Indeed, not all SWFs are bereft of bad deals.

During the global financial crisis, GIC bought a large stake in Swiss bank UBS. The investment lost about 70 % of its value as markets fell and UBS needed capital injections.

GIC also lost money on the US property bubble, while Temasek invested in crypto exchange FTX before it collapsed in late 2022. After FTX’s bankruptcy amid fraud allegations, Temasek wrote off its entire US$275mil.

Big bets on tech and mid-tier companies

Going forward, one of the bigger bets that Amirul Feisal is taking must be the money being spent under Dana Impak. But how then would its success be gauged?

Amirul Feisal says it is no longer just about generating commercial returns, but about the “multiplier effect.”

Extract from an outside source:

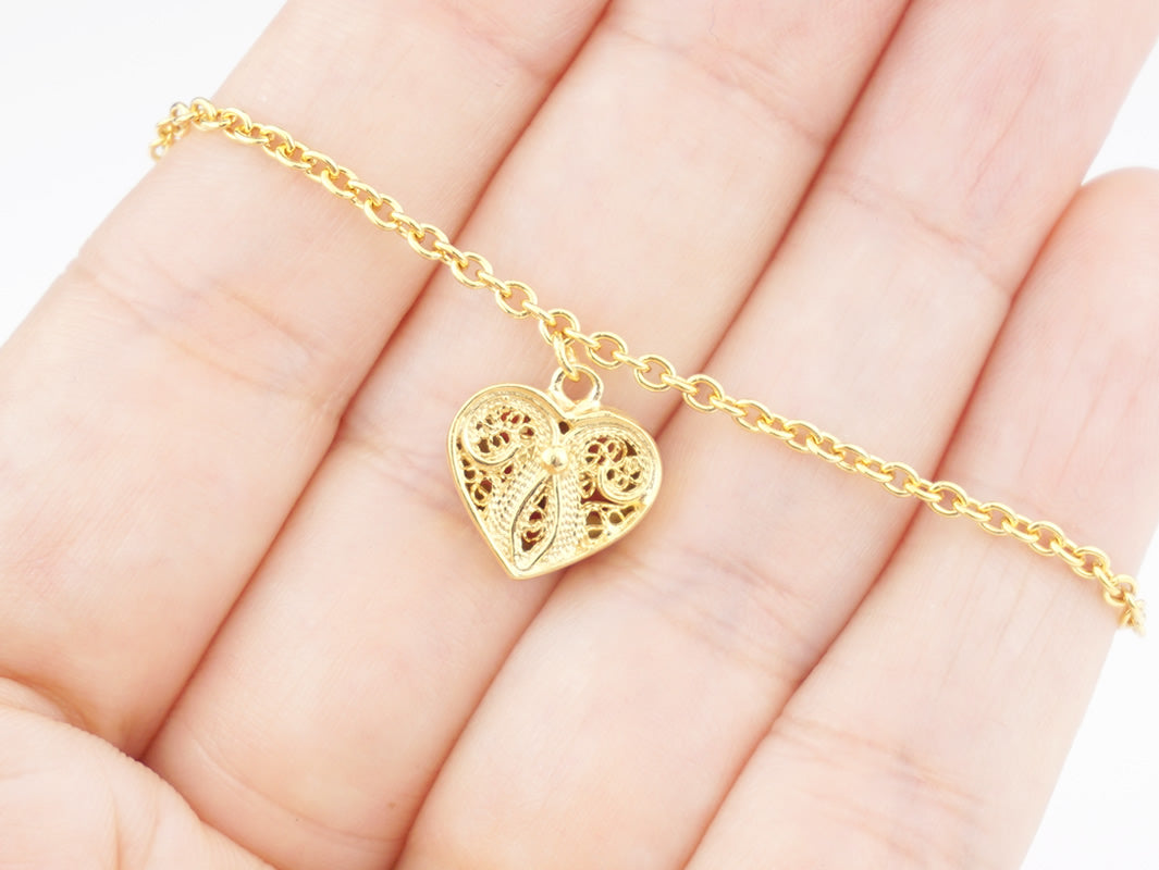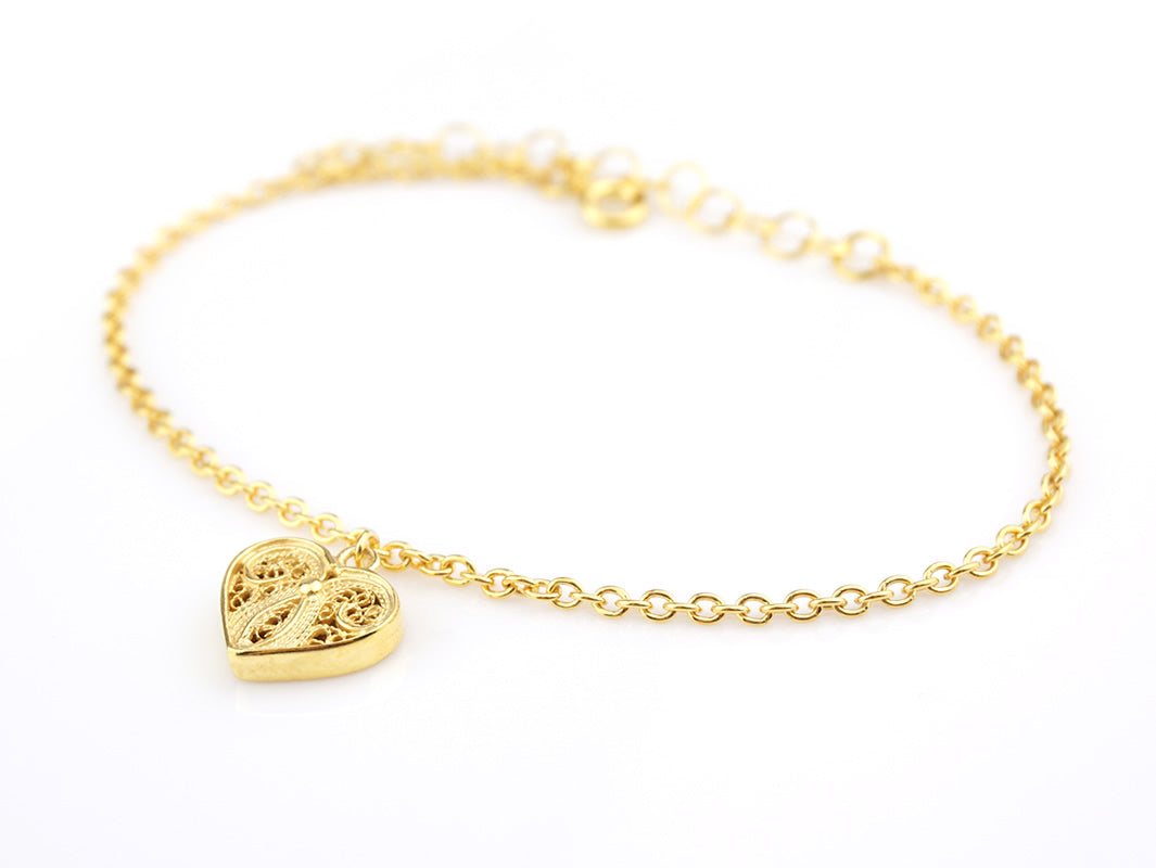 Élégant Bracelet avec breloque Coeur. Filigrane Portugaise, fabriqué au Portugal en Argent 925 Doré.

“For example, through Jelawang Capital’s emerging fund managers’ programme, we have already seen our commitments catalyse over RM30mil from other investors.

“We must be honest about where we fall short: while we have improved in market reach and talent, we lag in exits. This is where Dana Impak is critical.

“By catalysing the VC ecosystem (through Jelawang Capital) and levelling up Malaysian mid-tier companies, we are not just crowding in capital; we are structurally aiming to support firms throughout their lifecycle”.

Amirul Feisal says that this will take time – between three and five years. “A successful ecosystem is when there are more exits,” he says.